De regels in verband met controle en verkeer die zijn vastgesteld in Richtlijn 2003/96/EG en in Richtlijn 92/12/EEG van de Raad van 25 februari 1992 betreffende de algemene regeling voor accijnsproducten, het voorhanden hebben en het verkeer daarvan en de controles daarop2 worden nageleefd in de bepalingen in verband met administratieve controle die door de Franse autoriteiten worden voorgesteld. De voorgestelde controlemaatregelen zijn evenredig.

Besluit

De Commissie stelt de Raad voor krachtens artikel 19 van Richtlijn 2003/96/EG van de Raad te besluiten dat Frankrijk wordt gemachtigd van 1 januari 2006 tot en met 31 december 2011 verlaagde belastingtarieven toe te passen voor loodvrije benzine en gasolie die als motorbrandstof worden gebruikt.

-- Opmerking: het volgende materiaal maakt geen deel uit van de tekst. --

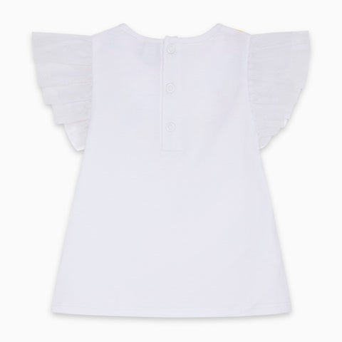 T-Shirt aus der Tuc Tuc Girl's Clothing Line mit Tüllärmeln und Designs farbig auf der Vorderseite mit floralen Motiven.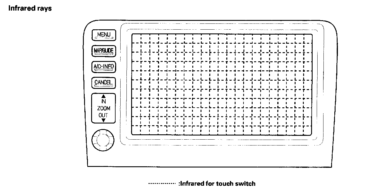 The Navigation Display unit uses liquid crystal display (LCD). The LCD is a 7-inch-diagonal, thin film transistor (TFT), stripe type with 330,960 picture elements. The color film and fluorescent light are laid out on the back of the liquid crystal film. The touch sensor on the front of the LCD is an infra red type with 20 vertical and 10 horizontal infrared rays to produce 200 sensing points. The navigation display transmits the signal from each button and the touch screen commands to the navigation unit.

De betrokken verlagingen mogen gedifferentieerd worden per administratieve regio, voorzover de volgende voorwaarden worden nageleefd:

- de verlagingen zijn niet hoger dan 35,4 euro per 1000 liter loodvrije benzine en 23,0 euro per 1000 liter gasolie;

- de verlagingen zijn niet hoger dan het verschil tussen de belastingniveaus voor gasolie en commerciële gasolie;

- de verlagingen houden verband met objectieve sociaal-economische omstandigheden in de regio’s.

De verlaagde tarieven moeten in overeenstemming zijn met de verplichtingen van Richtlijn 2003/96/EG, en met name de in artikel 7 bedoelde minimumtarieven.

Deze mogelijkheid tot verlaging geldt niet voor commerciële gasolie in de zin van artikel 7, lid 2, van Richtlijn 2003/96/EG.